The crude ash content may be used as an indicator for the degree of contamination of the harvested material. The crude ash content may not be determined directly by near-infrared spectroscopy based on measured values for crude ash, but may be estimated by correlation with other measured variables. However, the estimate may be imprecise. Alternatively, the crude ash content may be determined in the laboratory by ashing the harvested material. However, such a procedure cannot be carried out by a harvester.

Thus, in one or some embodiments, a self-propelled harvesting machine is disclosed which enables the degree of contamination of the flow of harvested material to be determined while the harvesting machine is in operation, such as in ongoing harvesting mode.

Further, in one or some embodiments, a method for analyzing contents in the harvested material is disclosed wherein images of the flow of harvested material are analyzed by the image evaluation device for a proportion of, such as inorganic, contaminants contained in the flow of harvested material recorded while being collected by the front attachment using a machine learning algorithm. One or both of the front attachment or the work units of the self-propelled harvester may be actuated or controlled depending on the determined degree of contamination.

In one or some embodiments, a self-propelled harvester is disclosed that comprises a front attachment configured to pick up or collect harvested material, one or more work units configured to process the picked-up harvested material, a transfer device configured to discharge the processed harvested material, a camera system configured to capture images of a flow of harvested material passing through the harvester, and an image evaluation device configured to evaluate the images. In one or some embodiments, the image evaluation device is configured to analyze, using a machine learning algorithm, the image(s) of the flow of harvested material for a proportion of in particular inorganic contaminants contained in the flow of harvested material when or whereby the harvested material is collected by the front attachment. In turn, a control device, such as the driver assistance system, may control one or both of the front attachment or the one or more work units based on the proportion of inorganic contaminants contained in the flow of harvested material (e.g., based on the inorganic contaminants themselves, or an indication or something derived from the inorganic contaminants).
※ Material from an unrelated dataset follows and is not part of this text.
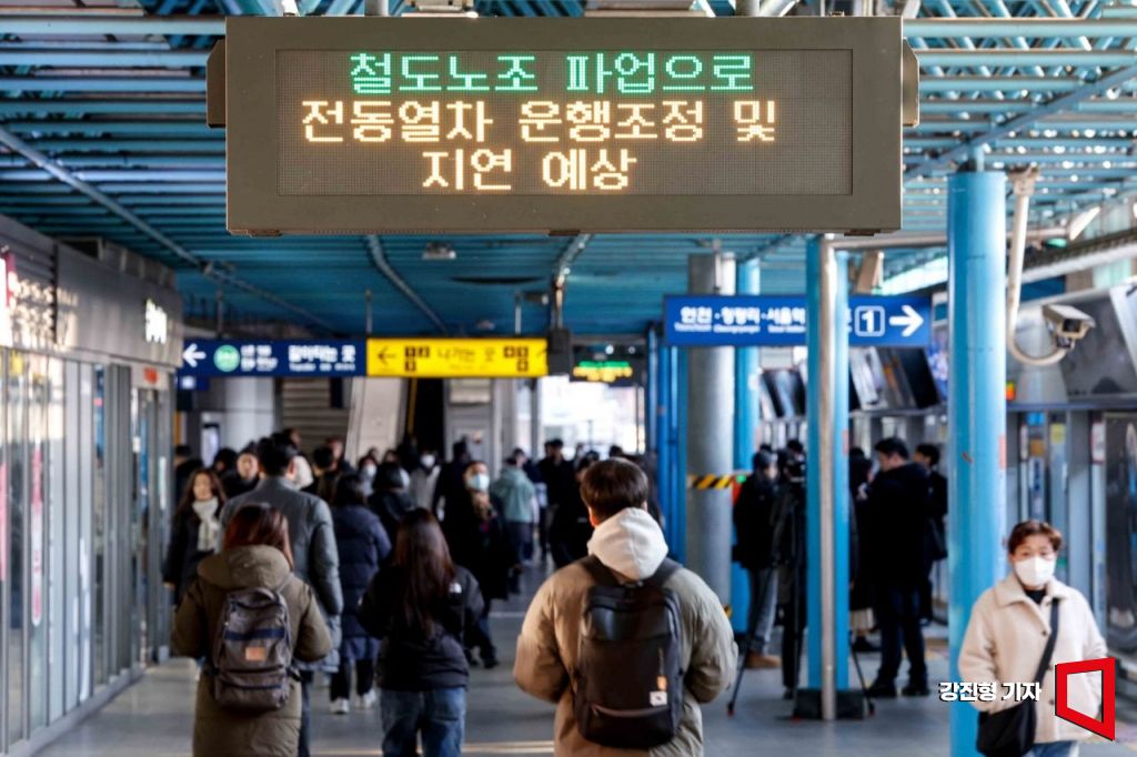 철도노조가 임금 2.5% 인상과 4조 2교대 전면 실시 등을 요구하며 총파업에 돌입한 5일 서울 구로구 지하철 1호선 신도림역 승강장 전광판에 전동열차 운행조정 및 지연이 안내되고 있다.
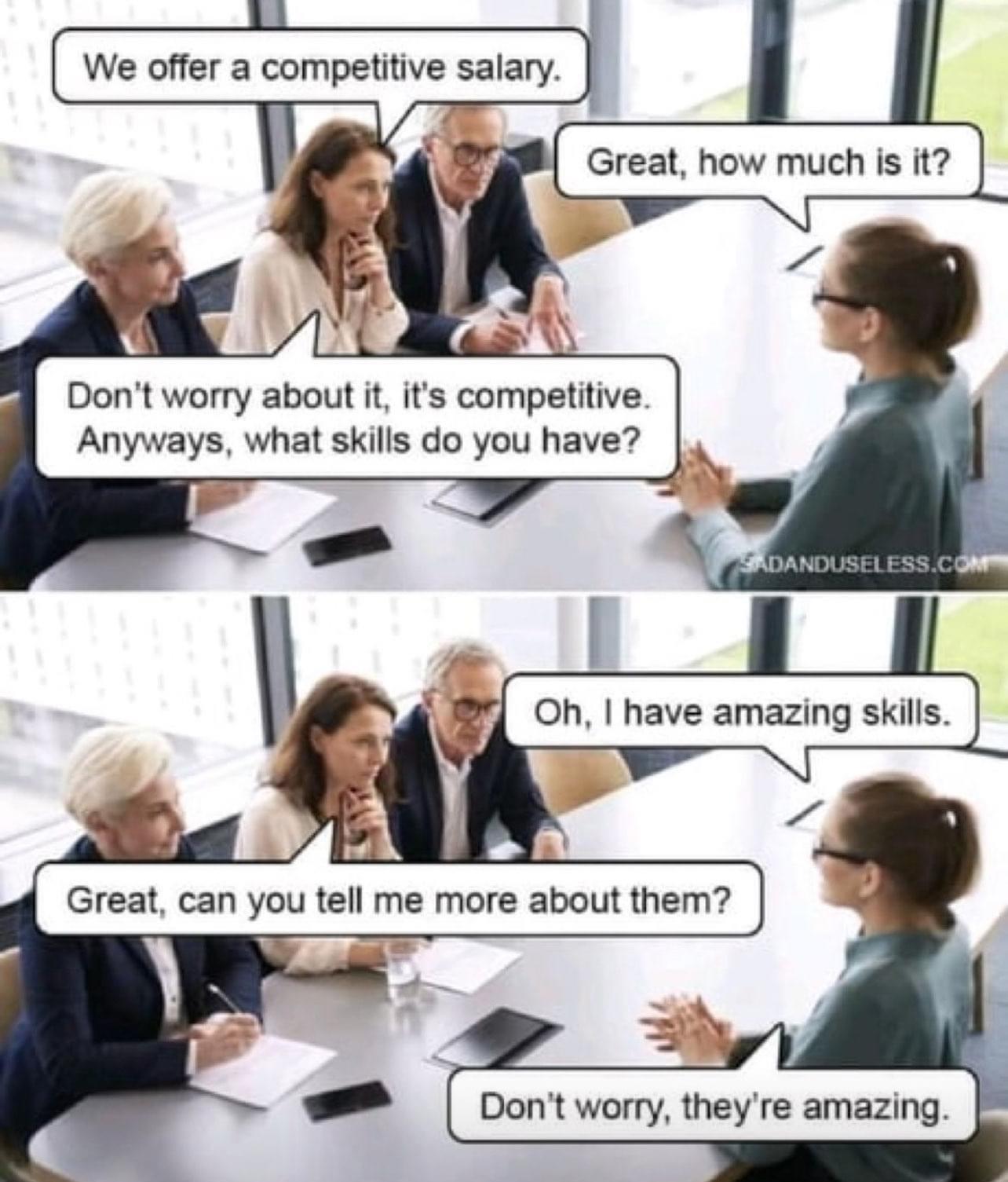 Funnymemes: Competitive Salary, Competitive Skills.

In one or some embodiments, inorganic contamination of the harvested material may be caused, among other things, by the settings of work machines and harvesters that are used in the preparation and performance of the harvesting process. In particular, poorly adjusted work machines and harvesters may contribute to an increased input of inorganic contaminants into the harvested material to be collected. Other influencing factors may be environmental influences such as heavy rainfall or drought, which may lead to increased contamination of the harvested material.

The self-propelled harvester may make it possible to automatically analyze the proportion of a part of the flow harvested material, such as inorganic contaminants contained in the flow of harvested material, using the machine learning algorithm and using the image evaluation device, with the analysis being performed at least partly during ongoing harvesting operation (e.g., the automatic analysis is performed at least partly during the ongoing harvesting operation, such as the crop is being harvested). This may represent the potential of economically qualifying and/or quantifying a degree of contamination of the harvested material. In one or some embodiments, the analysis may be performed in real time.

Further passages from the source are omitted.